Сыро, пусто, серо и глупо. Не люблю дождь весной.
И ты, Грейнджер, тоже не любишь дождь. Я вижу, как ты с тоской смотришь на крупные капли на стекле и, отвернувшись, по плотнее задвигаешь полог кровати. А мне холодно как-то. И страшно.
С тобой скучно. Ты слишком умная, серьезная, правильная.
Взрослая?
Повзрослевшая.
Улыбаешься чуть меньше, чем нужно. И смотришь так… С укором? Чуть дальше, чем в душу. Как будто знаешь все обо всех. Мне давно снятся твои глаза, Грейнджер.
Такие карие, глубже — янтарные. И ресницы у тебя длинные и пушистые, оказывается. А мне раньше казалось, что их и нет совсем.
Я засыпаю, наверное. Только сегодня мне будет сниться дождь.
Ты кричишь, Грейнджер?
Ты плачешь.
Я сонно потираю глаза, и откидываю одеяло. Ты же не будешь против, если я успокою тебя?
Отодвигаю полог и забираюсь к тебе на кровать, ты в слезах вся и шепчешь что-то невнятное.
Обнимаю тебя и глажу по голове. Тебе не приснятся кошмары, пока я рядом. Так-то лучше. Теперь ты дышишь ровно и чему-то улыбаешься. Вряд ли конечно, тебе снится твоя соседка по комнате…
— Парвати, проснись.
— Отвяжись… — Грейнджер, у нас вообще-то каникулы, если ты помнишь. Прекрати меня будить и иди лучше к себе на кровать, поспи пару часов перед завтраком. Хватит тыкать меня под ребра.
— Дай постель застелю, соня, — голос у тебя ласковый и веселый.
— Свою застели, Грейнджер…
— Это и есть моя! — кажется, ты возмущена… и точно, я же заснула у тебя вчера…
— Ну все, все…
— А чего ты у меня на кровати делала, не хочешь сказать? — на-ча-лось… Давай потом, а?
— Кошмар тебе приснился, — ворчу и закрываю голову подушкой. Зачем, ты стаскиваешь с меня одеяло?! С ума, что ли сошла? Я, по-моему, уже на своей кровати.
— Вставай, Парвати! Завтрак через полчаса… — нужен мне твой завтрак.
— Отстань, а?
Не спрашивай меня больше никогда. Ни о чем.
Я ненавижу глупые вопросы, слетающие с твоих правильных губ, Грейнджер.
— Что мне надеть сегодня? — ты вытащила из сундука свои немногочисленные вещи.

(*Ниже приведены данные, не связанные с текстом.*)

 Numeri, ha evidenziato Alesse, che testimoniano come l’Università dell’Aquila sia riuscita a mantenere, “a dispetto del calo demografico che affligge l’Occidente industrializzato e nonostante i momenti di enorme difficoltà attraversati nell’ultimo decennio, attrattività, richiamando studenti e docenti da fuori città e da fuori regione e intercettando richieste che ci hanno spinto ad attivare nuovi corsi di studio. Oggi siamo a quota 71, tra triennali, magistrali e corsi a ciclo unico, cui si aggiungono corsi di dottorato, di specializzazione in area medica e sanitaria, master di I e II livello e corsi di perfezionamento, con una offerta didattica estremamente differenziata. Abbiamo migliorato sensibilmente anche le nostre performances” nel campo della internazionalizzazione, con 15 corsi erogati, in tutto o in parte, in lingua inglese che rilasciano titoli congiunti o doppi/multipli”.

Стоишь и задумчиво оглядываешь синюю рубашку. — Я с Роном иду в Хогсмид.
Почему ты обращаешься ко мне? Лаванда, кажется, не против была бы тебе помочь. А мне хочется закрыть уши руками и, мотая головой, кричать: «Не слышу тебя, Грейнджер. Не могу ответить. Не хочу!»

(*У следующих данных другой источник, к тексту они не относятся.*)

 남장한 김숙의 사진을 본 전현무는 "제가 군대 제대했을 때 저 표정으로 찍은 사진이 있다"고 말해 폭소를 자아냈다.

И не говори мне про то, какой «Рон милый». Меня тошнит.
Лаванда до сих пор его любит, завидует тебе. А я не понимаю! Ни ее, ни тебя.
— Одень вот этот свитер, — показываю рукой на серую вещь. — Тебе этот цвет к лицу.
Отчего ты улыбаешься и благодаришь меня? Я же говорю неправду. Этот свитер ужасен. Но мне невыносимо видеть, как ты наряжаешься для Уизли.
Прости, Грейнджер.
Прохладно здесь. Ветрено. Красиво.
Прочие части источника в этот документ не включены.